The First English National Lottery
In 1567, permission for the holding of ‘a very rich Lottery General’ in England was granted by an increasingly cash-strapped Elizabeth I.
Elizabeth I and her Privy Councillors had constantly to seek fresh sources of income. Spasmodic royal extravagance and a creaking administration vied with each other in draining the exchequer. The essential conservatism of the government’s fiscal policy, trimming here or selling royal lands there, occasionally grew bolder as some new scheme for profit and perhaps useful application was suggested.
The lottery for fund raising was an idea imported from Italy, probably by John Calthrope (or Calthorp), but it is no surprise to find an Italian name mentioned by Cecil in his note of March 1567, where he states that permission for a lottery had been given to Peter Grimaldi and George Gilpin.
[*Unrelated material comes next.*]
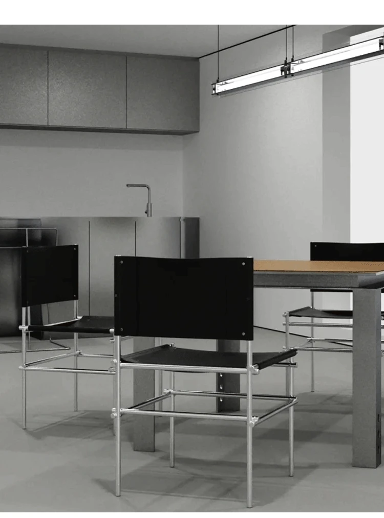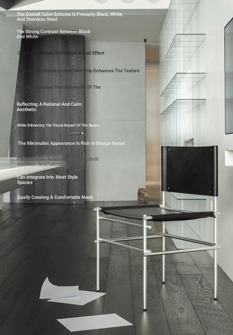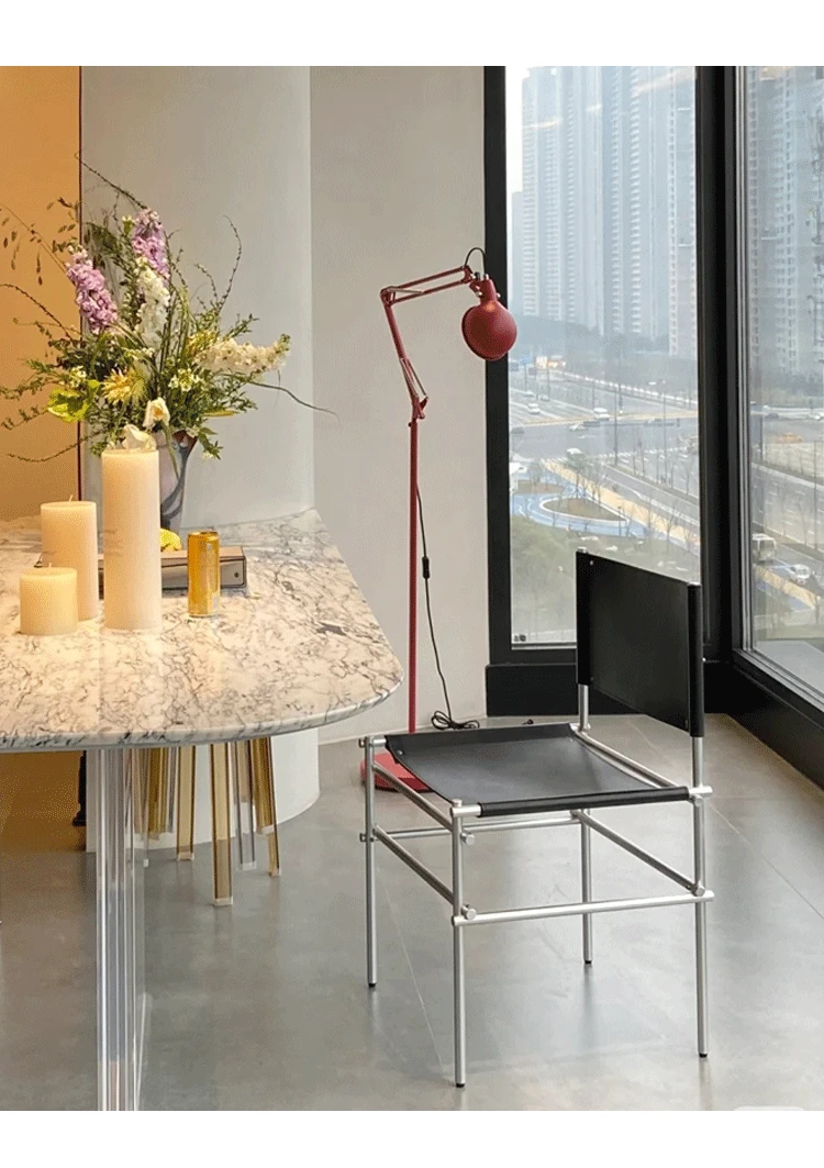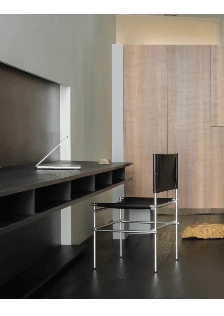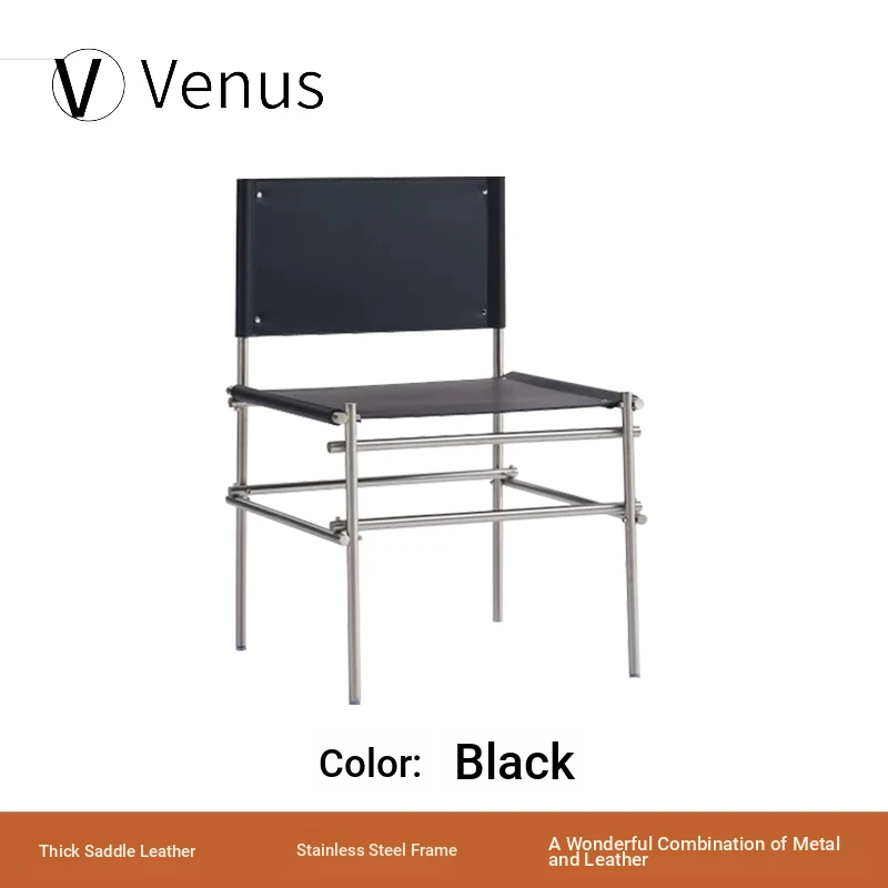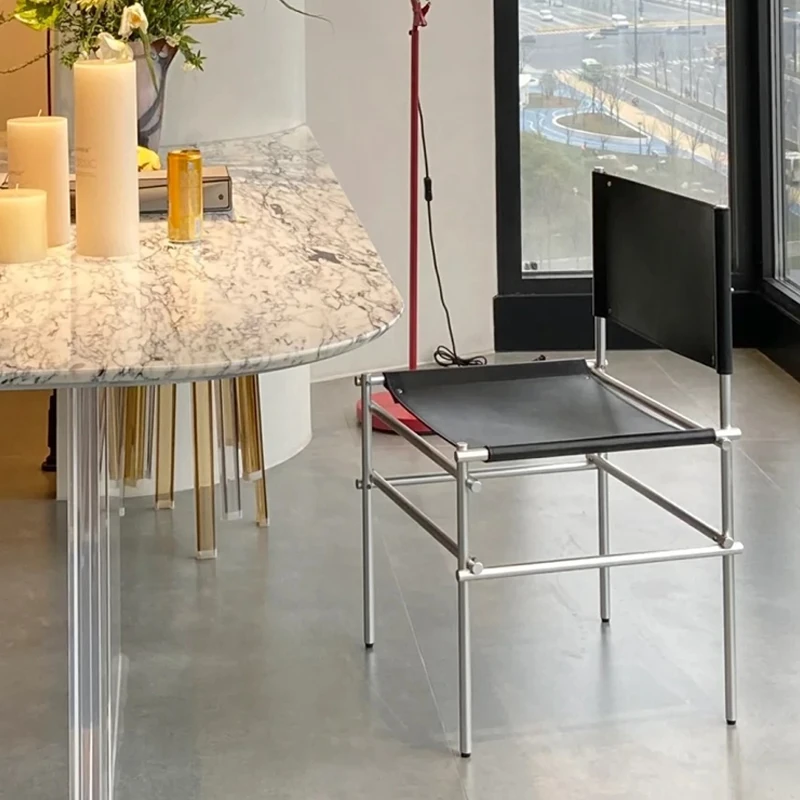 Italian Minimalist Stainless Steel Saddle Leather Dining Chair - Bauhaus Style Designer Single Chair for High-End Hotels and Homes
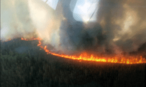 A flame front burns through black spruce in this aerial photo of the Taixtsalda Hill Fire taken Monday. Jason Jordet/Alaska Division of Forestry

In September of the same year State Papers refer to ‘the lottery that was in London’, and it looks as if this was a private scheme that the Queen decided to take up when it looked promising. At any rate, the printer Henry Bynneman produced a publicity broadsheet in August 1567 that listed and illustrated in tempting detail the prizes on offer in the first royal national lottery:
‘A very rich Lottery General, with out any blanks, containing a great number of good prizes, as well of ready money as of plate, and certain sons of merchandizes, having been valued and priced by the commandment of the Queen’s most excellent Majesty, by men expert and skilful; and the same lottery is erected by her Majesty’s order to the intent that such commodity as may chance to arrive thereof... may be converted towards the reparation of the havens and strength of the Realm, and towards other such public good works. The number of lots shall be four hundred thousand and no more; and every lot shall be the sum of ten shillings only, and no more.’
Since the Queen and council hoped to raise some £200,000 by the lottery, with £100,000 set aside as prizes, the great prize was to be a princely £5,000, that is £3,000 in cash, plate valued at £700 and the rest in hangings and drapes of tapestry, linen covers and so on. The second prize was to be £3,500, with £2,000 in ready money, plate valued at £600 as well as tapestries and linen.
The third, fourth and fifth prizes were £3,000, £2,000 and £1,500 divided like the grander prizes between cash and goods. At the lower end of the prize list came twenty-four prizes of £50; sixty four of £24 10/-; ninety of £22 10/- as well as two thousand of £2 in plate, one thousand of 15/- in money and nine thousand four hundred and eighteen of 14/- in cash.
To make the lottery as attractive as possible to people who were probably not totally unfamiliar with the procedure from continental examples, prospective buyers coming into towns to purchase tickets were given freedom from arrest (except for felonies and the grosser crimes of murder, piracy or treason). How far this was exploited by criminals is not clear, but apparently the immunity was not always observed, for in May 1569 John Alday wrote to Cecil from the Counter to complain about his imprisonment, when he had expected other treatment.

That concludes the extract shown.